Thursday, January 3, 2013

Bird Brains

Hairy Woodpecker
(I thought is was a Downy at first but it was pretty big)

     Once the leaves have fallen and the thickets have died back, the birds seem to become visable for the first time. They flutter from one naked branch to another. After a snowy night they flock through yards searching for feed or scraps. I know when the birds in the yard because my cat meows at the window. But I never let the cat out on busy bird mornings because these tiny feathered friends facinate me, especially in winter when there is so little to study.
     Birds are loved animals. Unlike their relatives, the reptiles, people don't try to run over them in their cars or chop their heads off. No one has a songbird phobia. They way they move and fly has facinated people for years. Children smile at flocks of birds.
     In the country we spot nuthatches, finches, and even a cedar waxwing. In town the chickadees, bluebirds and robins are common. Both locations we see cardinals, blue jays, and downey woodpeckers. When in the country my favorite bird to watch is the reb-breasted nuthatch. They make me laugh. They are full of energy, chirping and chasing one another from the birdfeeder.

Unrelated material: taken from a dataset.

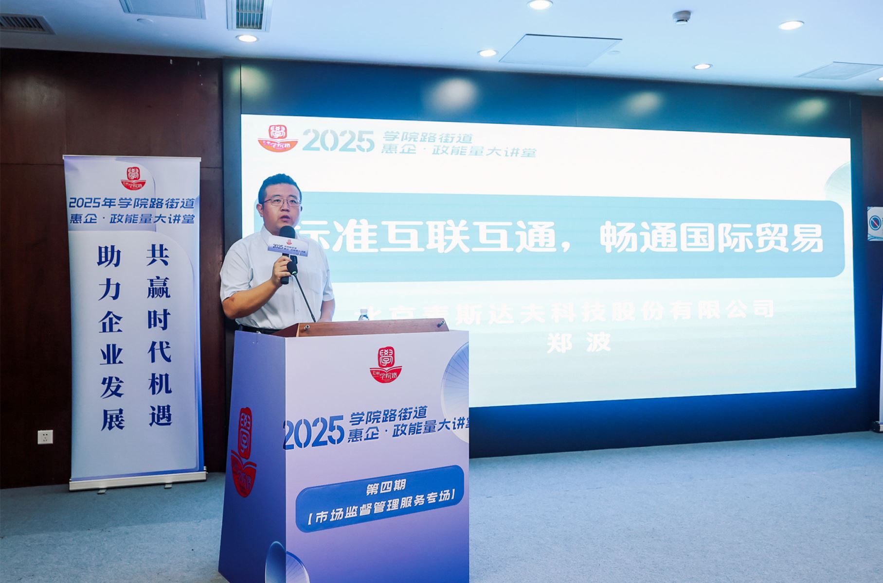 2025年9月18日,海淀區(qū)學(xué)院路街道“惠企·政能量大講堂”第四期活動(dòng)——市場(chǎng)監(jiān)督管理服務(wù)專場(chǎng)在天工大廈舉辦。本次活動(dòng)由海淀區(qū)市場(chǎng)監(jiān)督管理局指導(dǎo),學(xué)院路街道黨工委、辦事處主辦,學(xué)院路街道市場(chǎng)監(jiān)督管理所、海淀區(qū)市場(chǎng)監(jiān)督管理局創(chuàng)新合伙人八家產(chǎn)業(yè)集群服務(wù)站協(xié)辦。麥斯達(dá)夫集團(tuán)創(chuàng)始人、首席執(zhí)行官鄭波應(yīng)邀出席,并作題為《標(biāo)準(zhǔn)互聯(lián)互通 暢通國(guó)際貿(mào)易》的主旨報(bào)告。

In the city I love the sight and song of a robin, especially when they are excited about finding a good crop of green briar berries.
     I have always loved birds. As I kid I told my mother that when I grew up I wanted to be a bird, perhaps a chickadee. She told me about reincarnation and suggested that I might have been a bird in a previous life. I proclaimed that I wanted to be reincarnated as a bird in my next life, even after she told me that would be a regression since humans were above birds on the road towards enlightenment. I didn't care. I wanted to be a chickadee.
     Humans have huge brains. We believe that we are smarter than any other animal. It is true that birds have very small brains, because they have to be lightweight for flying, but that should not be cause for a judgment of stupidity. Chickadees, for example, regenerate new brain cells each year. Each day they replace up to two percent of the neurons in their hippocampus—the part of the brain that deals with memory—allowing extra space for them to remember where they hid their seeds. By being able to replace its brain cells they have an extremely good short term memory without needing large brains. Perhaps birds are smarted than we give them credit for.  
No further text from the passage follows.